Erdoğan’ın değişiklikle ne istediğine gelirsek, elbette tartışılacak bir durum yok. Cumhurbaşkanı MHP’ye mahkum şekilde yol yürümenin kendisini ne kadar sınırlandırdığının farkında. Bir yanda iktidarı zorlayan mevcut koalisyon yapısı diğer yanda birinci turda cumhurbaşkanlığını kazanamamış ve parti oyları yüzde 35’e gerilemiş bir AK Parti.
Bu iki veri, Erdoğan tekrar seçime girse bile seçimi kazanmasının hiç de kolay olmadığını gösteriyor. O da daha rahat seçilmenin imkanını zorluyor.
Peki sadece Erdoğan istedi diye kategorik olarak sistemde herhangi bir değişikliğe itiraz etmek gerekli mi?
Erdoğan bugüne kadar sürekli yenilediği koalisyon yapıları ve pazarlıklarla iktidarının sürekliliğini sağladı.
Tekrar seçilebilecek oyu alabilmesi bir yanda yeni koalisyon kurup kuramayacağına diğer yanda ise tüm baskı mekanizmalarına rağmen halktan gerekli oyu alıp alamayacağına bağlı.
Yüzde 50+1’in düşürülmesi; mevcut haliyle işlemez, işlese bile ülkeyi bir yere götürmez sistemin yeniden düzenlenmesine imkan sağlayacaksa buna kategorik olarak karşı çıkmak sadece “mevcut sistem bu şekilde devam etsin” anlamına gelir. Kaldı ki Erdoğan daha önce yaptığı gibi eğer başarılı olamazsa yine MHP’ye döner.
Seçilme için gerekli sınırın gözden geçirilmesi beraberinde Cumhurbaşkanının yetkilerinin de sınırlanabileceği, yarı başkanlık tarzı bir ara formülün hayata geçirilebileceği bir süreci getirebilir mi?
Sorulması gereken budur.
Cumhurbaşkanının ülkeyi kararnamelerle yönetmesinin sınırlanacağı, yüksek yargı ve devletin üst kurullarına atama mekanizmalarının gözden geçirileceği, rektörlerinin doğrudan sadece cumhurbaşkanı tarafından atanamayacağı, parlamentonun bakanlara güvenoyu verilmesi gibi mekanizmalarla yeniden denge ve denetleme işlevine dönebileceği bir değişiklikler bütünü konuşulamaz mı?
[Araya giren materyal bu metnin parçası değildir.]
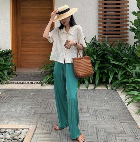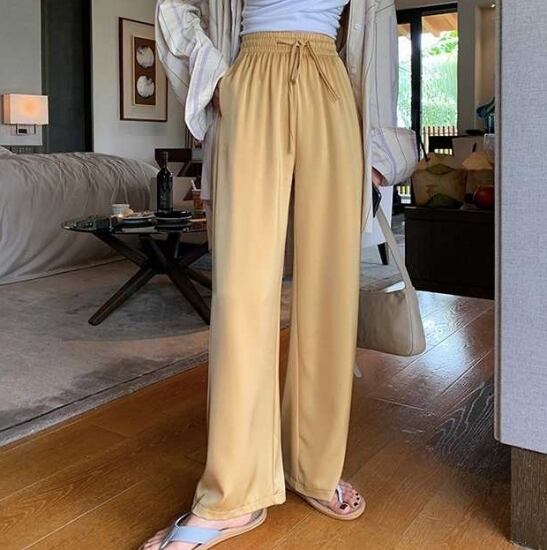 パンツ レディース ワイドパンツ ロング ストレートパンツ 夏 おしゃれ サテン 韓国 ハイウエスト ウエストゴム パンツ レディース ワイドパンツ ロング ストレートパンツ 夏 おしゃれ サテン
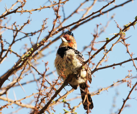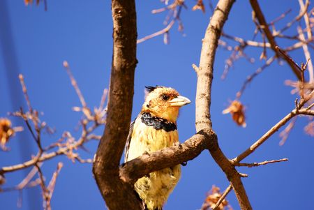 A crested barbet sitting in a tree, South Africa
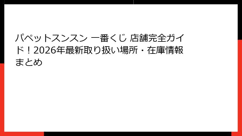 - パペットスンスン一番くじの店舗情報完全ガイド!2026年最新版でどこで買えるかを徹底解説
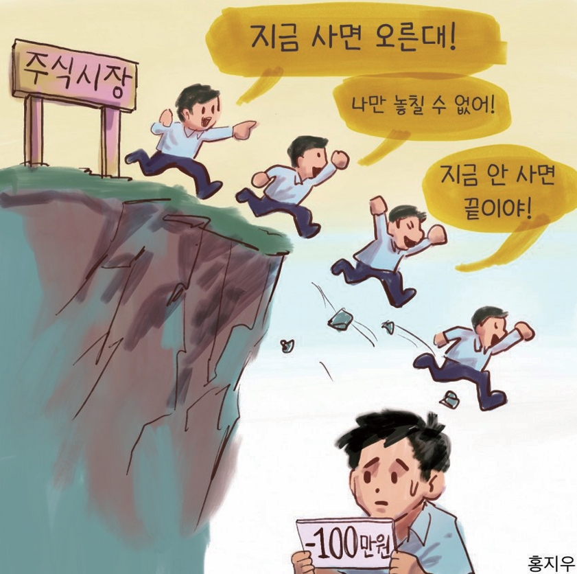 이러한 경험을 한 것은 비단 나뿐만이 아니다. 주변을 둘러보면 주식 투자를 하는 친구들을 어렵지 않게 찾아볼 수 있다. 그야말로 주식 열풍이다. 전문가들은 너도나도 주식 시장에 뛰어드는 현 상황을 ‘포모 FOMO(Fear Of Missing Out) 현상’으로 설명한다. 별도의 노동 없이 주식 투자로 남들이 큰 돈을 버는 것처럼 느껴지는 가운데, 나만 뒤처질 수 없다는 불안감이 청년들을 주식 시장으로 떠밀고 있다.
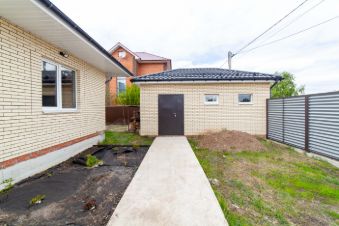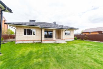 Одноэтажный дом из кирпича 148.6 кВ.м без чистовой отделки , расположен на ровном благоустроенном участке 10 сот , дом включает в себя 3 большие спальные комнаты , большой зал с витражным остеклением с выходом на террасу , кухня , котельная с заведеным газом , водой ( скважина) , два туалета, гардеробная .
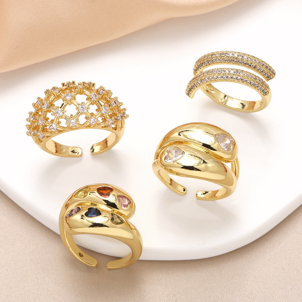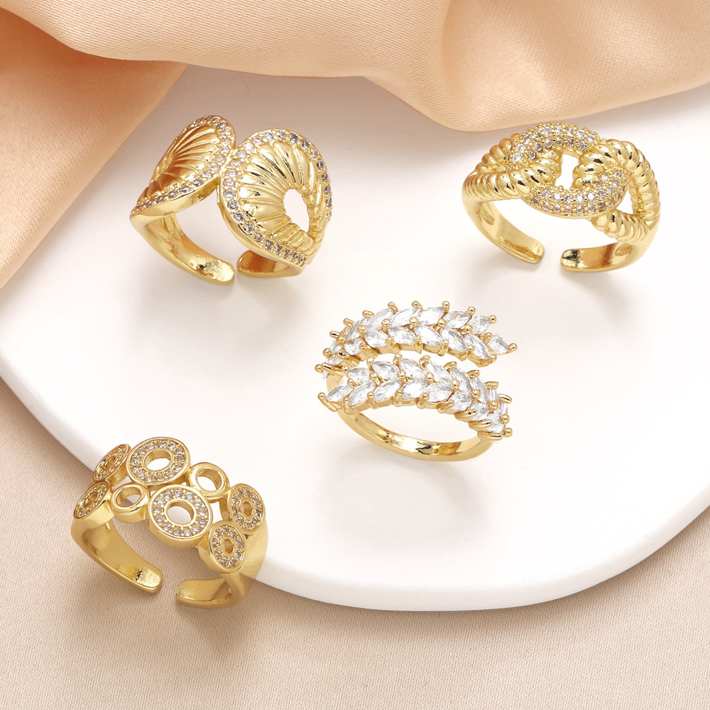женское кольцо неправильной формы с медным покрытием, инкрустированное настоящим золотом, с открытым кольцом из циркония rij52

Gerek Erdoğan’ın güç paylaşımı konusundaki geçmiş sicili gerekse muhalefetin siyaset üretmedeki kapasitesizliği ve dağınık durumu göz önüne alındığında bunların kolay olmadığı muhakkak. Ama mevcut sistemin bu hali ile gitmesinin doğru olmadığı da o kadar kesin.
Bu durumda kategorik olarak evet ya da hayır demeden önce ihtimalleri hesaba katarak bir alternatif üretmeyi denemek gerek. Ayrıca Anayasa tartışması baştan rafa kaldırıldığında, yerel seçimlerden bir sonraki genel seçimlere kadar muhalefetin Erdoğan’ın yapıp ettiklerini konuşmaktan başka elinde çok bir gündem de kalmayacak gibi.